Perrin Yvan · Nationalrat · Neuenburg · Fraktion der Schweizerischen Volkspartei · 2005-09-26

Wortprotokoll

La commission s'est trouvée dans une situation quelque peu particulière lorsqu'elle a entrepris l'examen des divergences relatives à la révision partielle de la loi sur l'asile. En effet, lors du [PAGE 1146] passage de cette loi devant le Conseil des Etats, le 17 mars 2005, nos collègues ont non seulement très largement suivi les propositions de leur commission, mais également les nouvelles propositions du Conseil fédéral formulées en août 2004, seulement en commission du second conseil.

Du point de vue constitutionnel, cette manière de faire est parfaitement conforme à notre loi fondamentale qui précise à l'article 160 alinéa 2: "Les membres de chacun des conseils et ceux du Conseil fédéral peuvent faire des propositions relatives à un objet en délibération." Du point de vue politique, ce procédé pose un certain nombre de problèmes - ou en tout cas de questions - sur lesquels votre commission s'est longuement penchée.

Une demande visant à ce que le Conseil fédéral rédige un nouveau message a été présentée, dans la mesure où les nouvelles propositions formulées par l'exécutif n'étaient pas évoquées dans la mouture initiale. La chose a été évoquée lors d'une rencontre réunissant notamment le président de la Confédération et les présidents des deux conseils. Les participants ont estimé que si ce mode de faire était correct du point de vue formel, il devait rester un cas isolé. On ne saurait tolérer que les prérogatives d'une chambre soient amoindries par rapport à l'autre dans le cadre de la procédure législative. Afin que chacun puisse se prononcer en toute connaissance de cause, un message complémentaire relatif aux nouvelles propositions du Conseil fédéral a été réclamé. Certains membres de la commission ont estimé que les éléments à disposition, soit essentiellement le procès-verbal de la commission des Etats, n'étaient pas suffisants, pas plus que les informations orales apportées par le chef du département.

Cette demande de nouveau message a également été soutenue au motif que nous avions à étudier un nouveau concept, fort différent de la version initialement débattue au Conseil national. Aucune procédure de consultation n'a été menée sur la base des innovations introduites, alors que de nombreuses questions restaient en suspens. Le problème des départs non contrôlés a été évoqué, avec le risque que les personnes concernées soient tombées dans la clandestinité plutôt que d'avoir quitté notre pays. Comment être sûr que ces disparitions n'ont pas alimenté une nouvelle forme d'esclavage, dans la mesure où l'absence de statut de ces personnes les rend corvéables à merci? Qu'en est-il des accords de réadmission mis en oeuvre par Madame Metzler, ancienne conseillère fédérale? Quelle a été l'activité du Conseil fédéral dans ce domaine au cours des mois écoulés? Autant de questions restées sans réponses.

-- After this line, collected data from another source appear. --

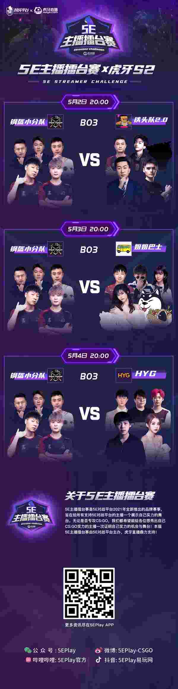 5月2日至4日,5E主播擂台赛X虎牙S2将在每晚20:00为大家准时带来精彩的CSGO对决盛宴!本次擂台赛阵容同样群星璀璨,CSGO区大神还有其他分区的众多人气主播助阵。沫子、Sccc、AJ、卡莎、茄子等人气主播悉数出动!CSGO区的知名主播同样倾巢出动参与本次赛事,星光熠熠,值得期待!
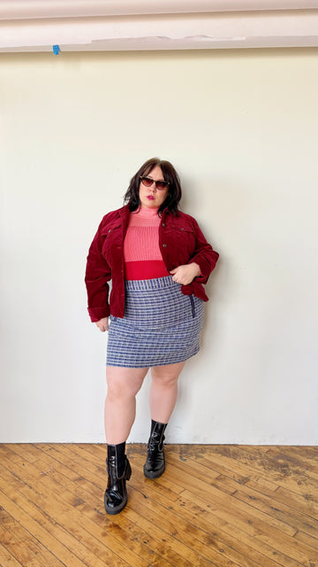Modern Loft Plus blue plaid mini skirt. Zipper pockets. Side pockets. Fully lined.
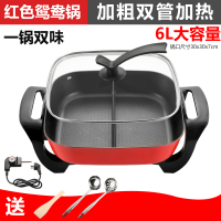 纳丽雅(Naliya)鸳鸯电火锅多功能电煮锅家用火锅电热方形宿舍一体不粘锅定制 方双管鸳鸯锅红色送汤漏勺

Des auditions complémentaires visant à éclaircir ces points litigieux ont été demandées, dans la mesure où la documentation relativement importante transmise ne permettait pas de se faire un avis éclairé. La façon d'exécuter les renvois ainsi que l'incidence de ces procédures sur le respect des droits de l'homme, des droits populaires et de la Constitution n'étaient pas détaillées de manière suffisante. La question de l'admission provisoire - uniquement possible en cas de menace sur la vie, dans la nouvelle version - constitue un changement de paradigme majeur nécessitant là aussi une nouvelle prise de position de l'exécutif. Les motivations qui ont présidé à ce changement méritent d'être connues du public.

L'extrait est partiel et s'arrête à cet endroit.